How to calculate torque on a body falling freely through the sky?

[pointdexter16]

TL;DR Summary

if a body is pivoted at a point it is quite easy to calculate the torque as we know the axis of rotation. but, if a body is under free fall and we apply a force of F newtons at a distance of x from its centre of mass , then how do we determine the axis of rotation?

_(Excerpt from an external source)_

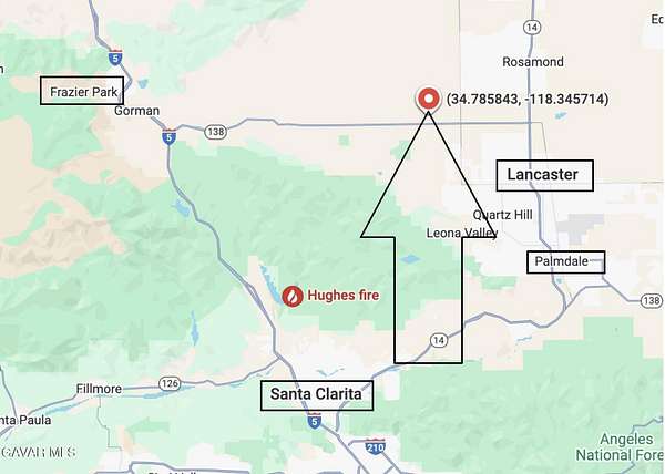 On I-14 take Hwy138 west, Right on 120th St W, Right on Ave C-6

if a body is pivoted at a point it is quite easy to calculate the torque as we know the axis of rotation. but, if a body is under free fall and we apply a force of F Newtons at a distance of x from its centre of mass , then how do we determine the axis of rotation?

 

[Baluncore]

Welcome to PF.

The body will rotate about the centre of mass. As the body falls it also has an aerodynamic centre of drag. The distance between the centre of mass and the centre of drag, provides the torque arm that may cause the object to rotate.

 

[nasu]

The torque depends on the point you choose to calculate it. It does not matter what the body does. The torque will have different values for different reference points (or axes). It's up to you to pick up a point that is convenient or useful for what you want to do with the values of the torque. But you can calculate it around any axis you want.

 

[kuruman]

The angular momentum of a body can be decomposed into two vectors: (a) angular momentum about the center of mass, more descriptively the spin angular momentum and (b) angular momentum of the center of mass, more descriptively the orbital angular momentum. Both vectors require a torque to change. A torque $\vec \tau=\vec r \times \vec F$ will have different effects depending on $\vec r$ which is the position vector from the origin to the point of application of the force.

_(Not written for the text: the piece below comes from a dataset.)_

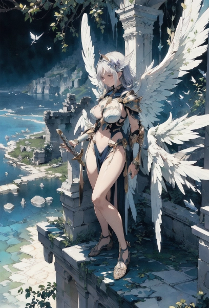 (masterpiece, best quality:1.3), illustration, (extream detailed), one girl, angel Descending

Consider a fixed force $\vec F$ applied on a body. The question is, "what is the position vector $\vec r~$? The answer is, "it depends on where you choose the origin." If you choose it at the center of mass of the object, its spin angular momentum will change in a direction perpendicular to the plane defined by the force and the position vector; its orbital angular momentum will not change. This is the situation described by @Baluncore in post #2. If you choose the origin about any point other than the center of mass, then both spin and orbital angular momentum will change in a way that depends on your choice.

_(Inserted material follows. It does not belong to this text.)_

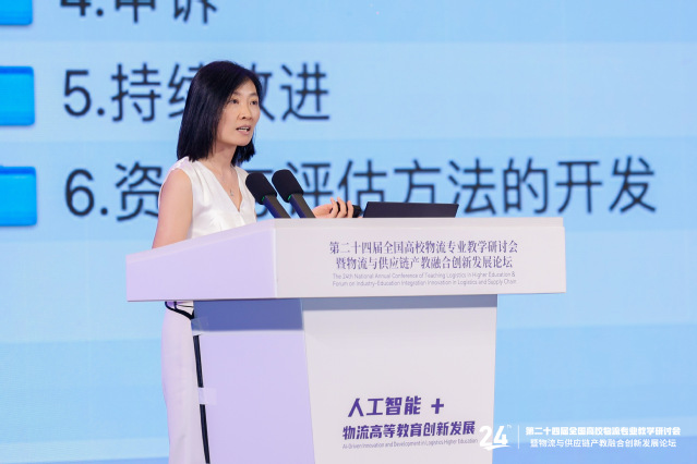 在颁证仪式开始之前,ylzzcom永利总站线路检测受邀作主题演讲,分享IFPSM认证对数字供应链人才培养的推动作用。内容结合跨境电商、国际物流人才缺口等数据,分析了全球供应链发展趋势,并介绍了学校在课程体系、师资建设及学生就业方面的认证实践经验,为行业提供了可借鉴的范例。

Specifically, for a mass falling from rest, if you choose the origin directly above the center of mass, the angular momentum will not change about that origin which means, of course, that the torque will be zero. However, if you choose the origin at perpendicular distance $R$ from the straight line trajectory, the magnitude of the torque will be $\tau = mgR$ and the orbital angular momentum about the origin will vary in time according to $L=mgtR$. If you tack on the mechanism suggested by @Baluncore, there will also be a change in the spin angular momentum.

 

[Lnewqban]

Welcome!
Respect to the ground, anybody in free fall, if rotating, will naturally tend to rotate around its center of mass.
During the time an external force other than weight and drag is applied, the body is not free falling.